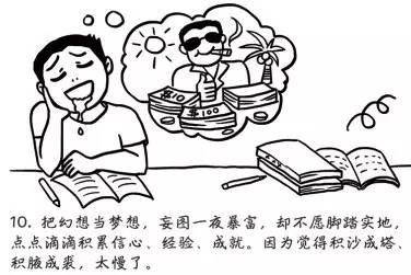 10、把幻想当梦想,妄图一夜暴富,却不愿脚踏实地,点点滴滴积累信心、经验、成就,因为觉得积沙成塔、集腋成裘,太慢了。
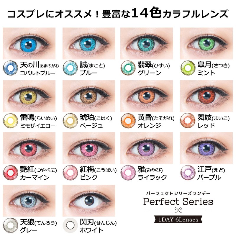 - パーフェクトシリーズワンデーは1箱6枚入りのコスプレ向け高発色 ワンデーカラーコンタクトレンズです。
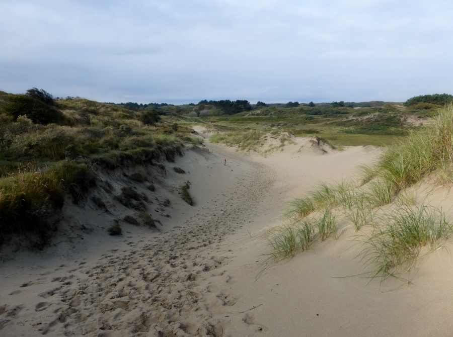 We waren nooit eerder in het binnengebied. Het is bepaald niet gemakkelijk lopen, omdat er alleen maar vage paden zijn, die ook regelmatig een heuvel opgaan of in diepe zandgaten uitkomen. Overigens is er behalve het doorgaande wandelpad langs het fietspad ook een wandelpad aan de oostkant van het duingebied. Dit gaat achter de Estec en de Willem van den Berghstichting langs.
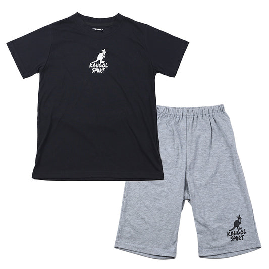 キッズ パジャマ 半袖 半ズボン 男の子 カンゴール 130 140 150 160 cm 子供 春 夏 ルームウェア 部屋着 上下セット セットアップ ジュニア 子供服 黒 ブラック 白 ホワイト
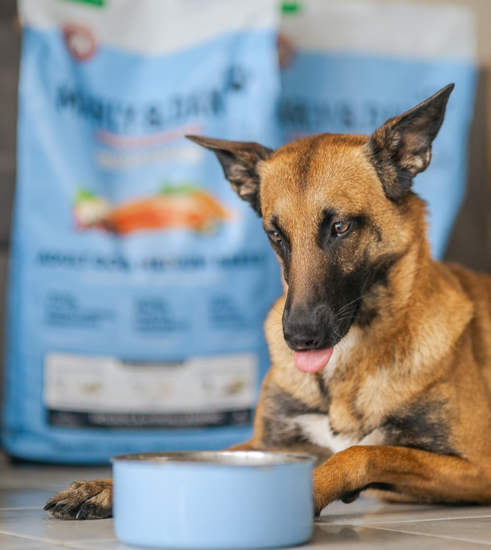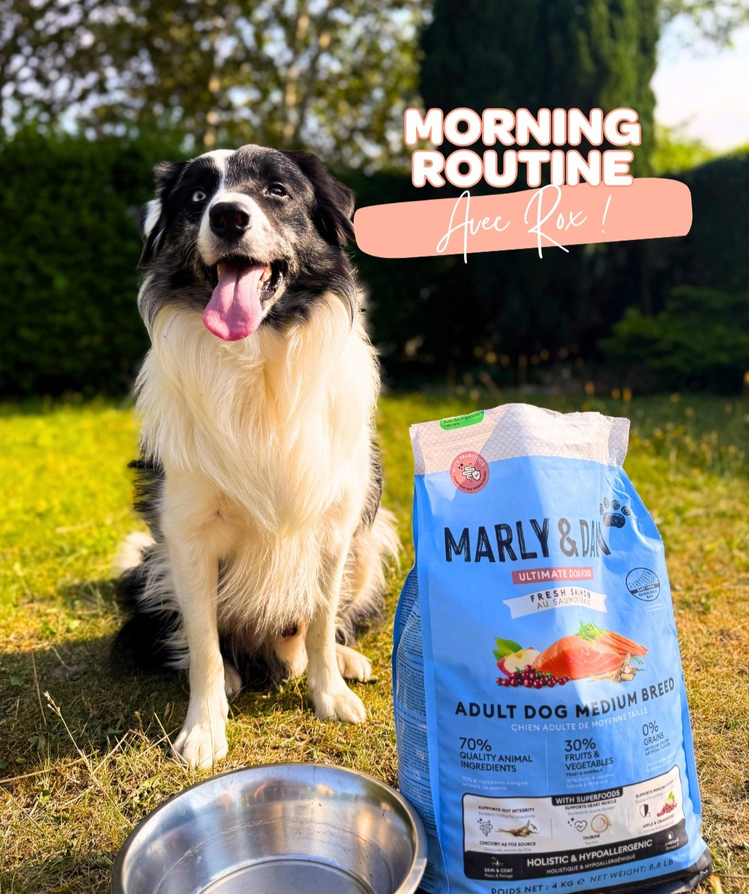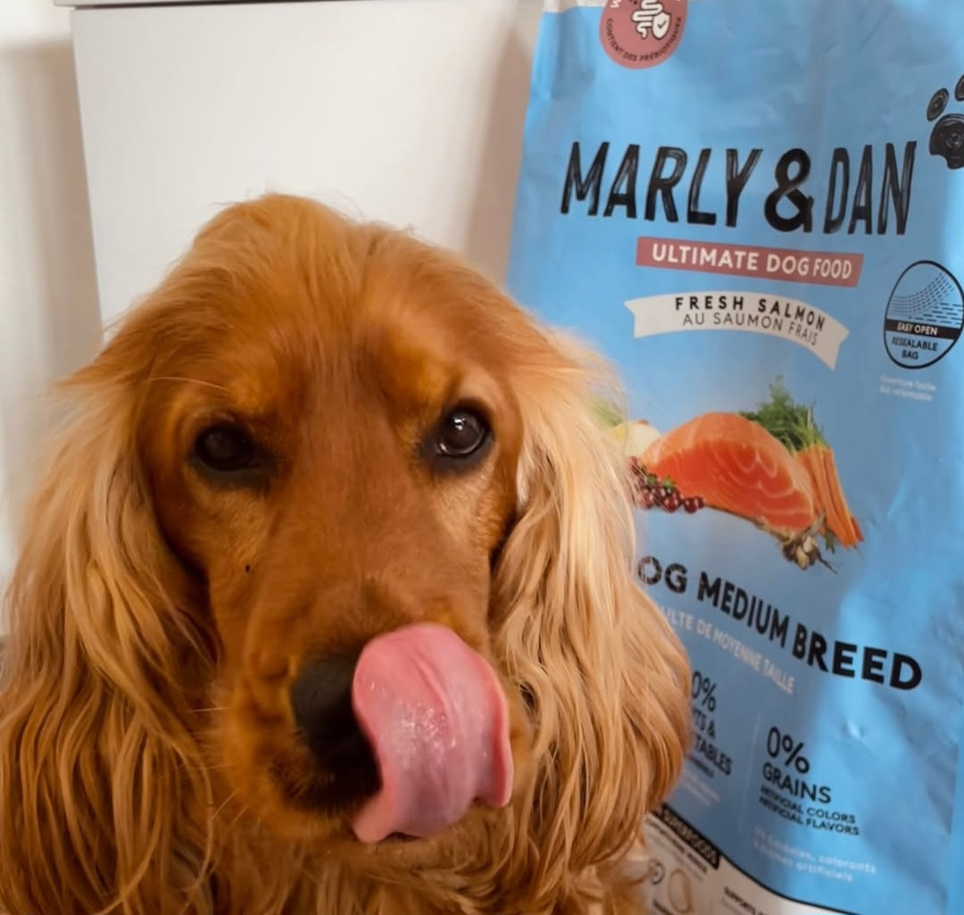 Ton (30%), somon proaspăt (26%), amidon de mazăre, grăsime animală (11%), cartofi, mazăre, pulpă de sfeclă, proteine hidrolizate din pește (3%), minerale, fibre vegetale, cicoare (sursă de FOS), morcovi (0,5%), roșii (0,5%), măr (0,5%), merișoare (0,1%), drojdie (sursă de MOS și beta-glucani), glucozamină (0,055%), sulfat de condroitină (0,045%), Yucca Schidigera (0,018%).
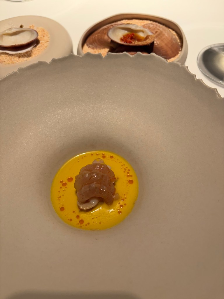 Una delicia. Los calamares se hacen tallarines congelándolos y rompiéndoles las fibras. Los suavizan con una base de yemas y los llenan de sabor con una densa salsa de rancio ibérico. Otra gran mezcla llena de ideas y buena cocina que aún se complementa con un no muy bonito -pero muy rico- velo de calamar pintado con tinta y grasa de jamón.
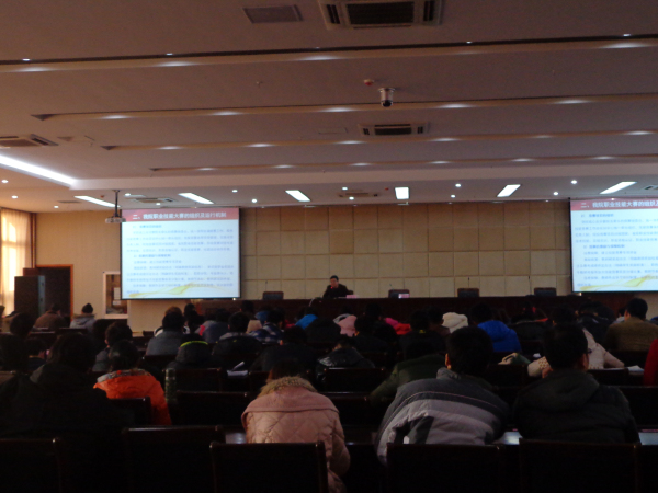 为了加强汽车系师生对职业技能大赛的了解,鼓励师生技能创新,2013年12月11日下午,汽车系教授张信群带领汽车系师生队伍,参加了由六安国防科技职业技术学院李存鹏老师主讲的讲座。
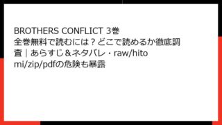 BROTHERS CONFLICT BROTHERS CONFLICT 3巻全巻無料で読むには?どこで読めるか徹底調査|あらすじ&ネタバレ・raw/hitomi/zip/pdfの危険も暴露 BROTHERS CONFLICT 3巻:家族の絆が揺らぐ、甘く切ない一歩みなさん、こんにちは! 逆ハーレムラブコメの金字塔ともいえる『BROTHERS CONFLICT』(通称ブラコン)のコミック版、第3巻のあらすじを今日は詳しくお届けし... 2025.11.07 BROTHERS CONFLICT少女マンガ・コミック
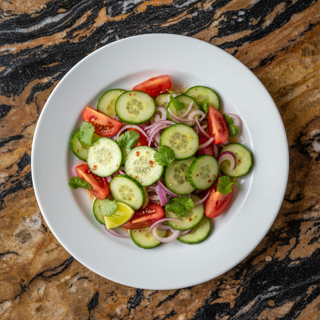 A refreshing and vibrant Bhutanese cucumber salad, Goen Hogay, meaning 'cucumber salad' in Dzongkha, is a delightful mix of crisp cucumbers, juicy tomatoes, and sharp red onions. It's dressed with a zesty combination of lime juice, fresh coriander, and a hint of chili for a subtle kick.
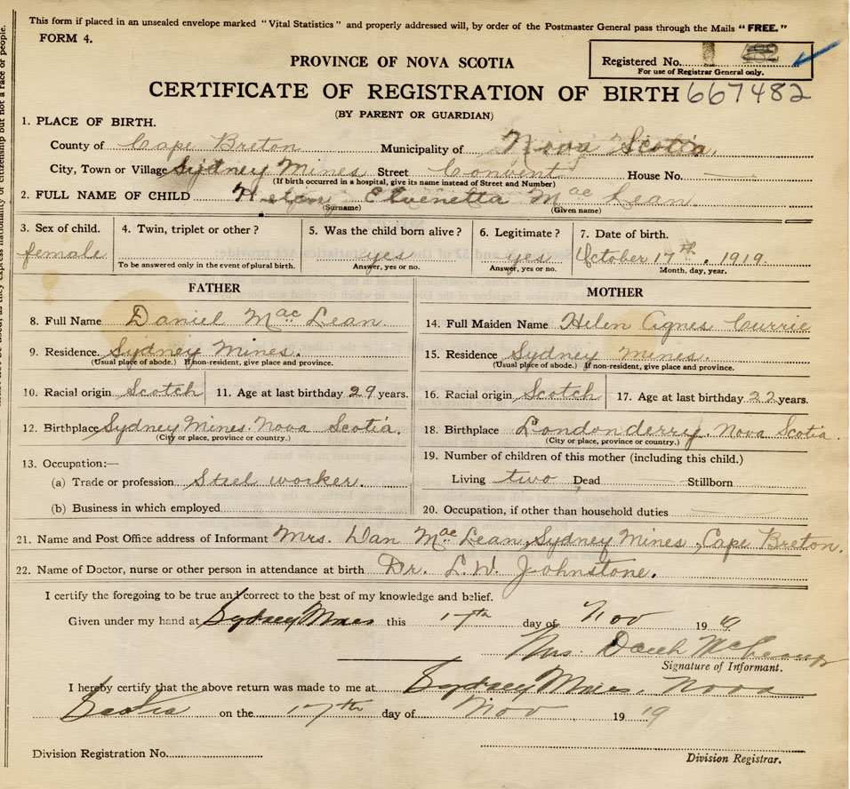 born at Sydney Mines Cape Breton County on October 17, 1919
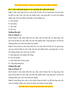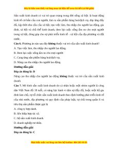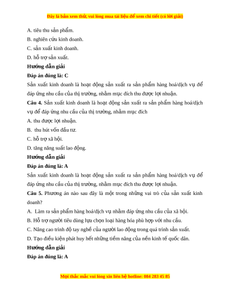 Đây là bản xem th , vu ử i lòng mua tài li u ệ đ xe ể m chi ti t (c ế ó l i ờ gi i ả ) A. tiêu thu s n ph ả m ẩ . B. nghiên c u ki ứ nh doanh. C. s n ả xu t ấ kinh doanh. D. hỗ tr s ợ n ả xu t ấ . Hư ng d ớ ẫn gi i ả Đáp án đúng là: C S n ả xu t ấ kinh doanh là ho t ạ đ ng ộ s n ả xu t ấ ra s n ả ph m ẩ hàng hoá/d ch ị vụ để đáp ng ứ nhu cầu c a t ủ hị trư ng, ờ nh m ằ m c đí ụ ch thu đư c ợ l i ợ nhu n. ậ Câu 4. S n ả xu t ấ kinh doanh là ho t ạ đ ng ộ s n ả xu t ấ ra s n ả ph m ẩ hàng hoá/d ch ị v đ ụ ể đáp ng nhu c ứ ầu c a t ủ hị trư ng, nh ờ m ằ m c ụ đích A. thu đư c ợ l i ợ nhu n. ậ B. thu hút v n đ ố u t ầ . ư C. hỗ tr xã h ợ i ộ . D. tăng năng su t ấ lao đ ng. ộ Hư ng d ớ ẫn gi i ả Đáp án đúng là: A S n ả xu t ấ kinh doanh là ho t ạ đ ng ộ s n ả xu t ấ ra s n ả ph m ẩ hàng hoá/d ch ị vụ để đáp ng ứ nhu cầu c a t ủ hị trư ng, ờ nh m ằ m c đí ụ ch thu đư c ợ l i ợ nhu n. ậ Câu 5. Phư ng ơ án nào sau đây là m t ộ trong nh ng ữ vai trò c a ủ s n ả xu t ấ kinh doanh? A. Làm ra s n ả ph m ẩ hàng hoá/d ch ị v nh ụ m ằ đáp ng nhu c ứ u c ầ a ủ xã h i ộ . B. Hỗ tr ng ợ ư i ờ tiêu dùng l a ch ự n l ọ o i ạ hàng hóa phù h p v ợ i ớ nhu c u. ầ C. Nâng cao trình đ t ộ ay ngh c ề a ủ ngư i ờ lao đ ng t ộ rong quá trình s n xu ả t ấ . D. T o đi ạ u ki ề ện phát huy h t ế nh ng t ữ i m ề năng c a ủ n n ki ề nh t qu ế c ố dân. Hư ng d ớ ẫn gi i ả Đáp án đúng là: A M i
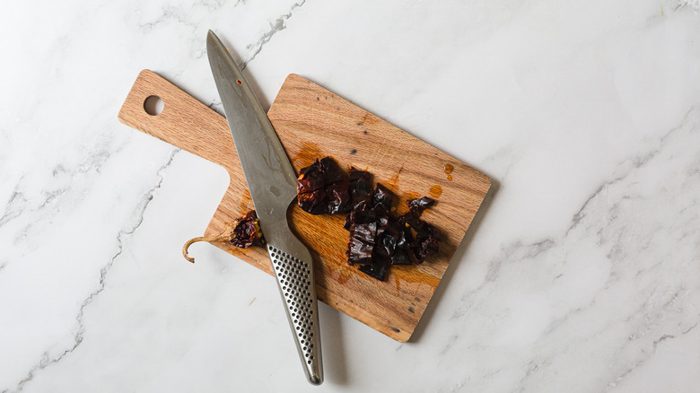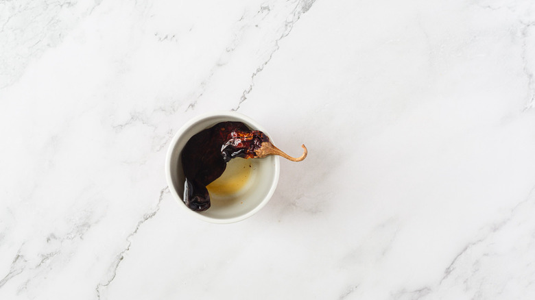 - Soak the chipotle pepper in 1 cup boiling water for 10 minutes. Discard the water.
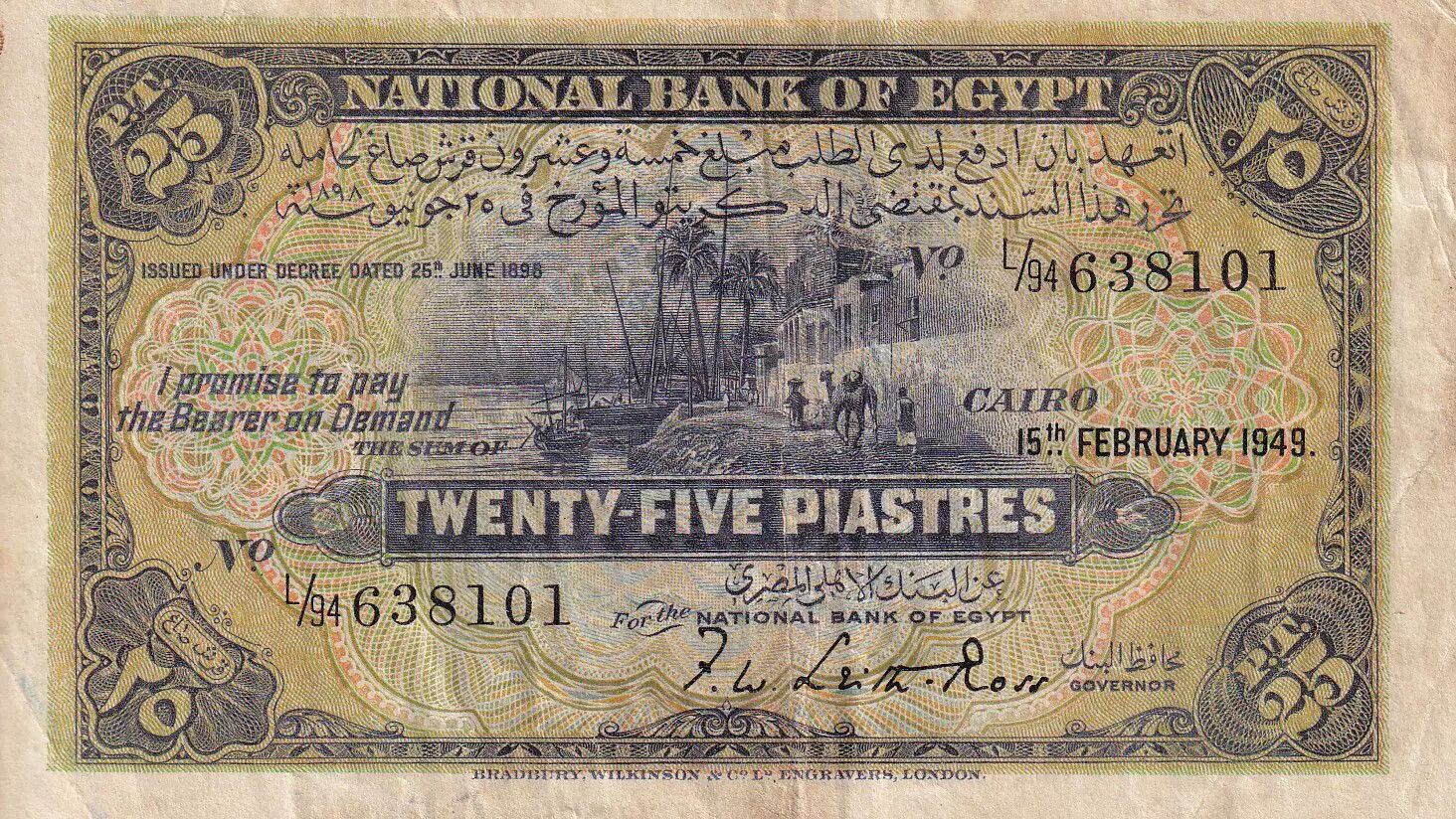 Banknote Egypt 25 Piastres - Harbor - 1949 - VF - P.10d

*REQUIRED WORK*:
From the entries above, copy exactly the lines starting at the one with "- パーフェクトシリーズワンデーは1箱6枚入りのコスプレ向け高発色 ワンデーカラーコンタクトレンズです。" and stopping at the one with "We waren nooit", keeping both ends. Drop the pictures.

*WRITTEN SOLUTION*:
 - パーフェクトシリーズワンデーは1箱6枚入りのコスプレ向け高発色 ワンデーカラーコンタクトレンズです。
 We waren nooit eerder in het binnengebied. Het is bepaald niet gemakkelijk lopen, omdat er alleen maar vage paden zijn, die ook regelmatig een heuvel opgaan of in diepe zandgaten uitkomen. Overigens is er behalve het doorgaande wandelpad langs het fietspad ook een wandelpad aan de oostkant van het duingebied. Dit gaat achter de Estec en de Willem van den Berghstichting langs.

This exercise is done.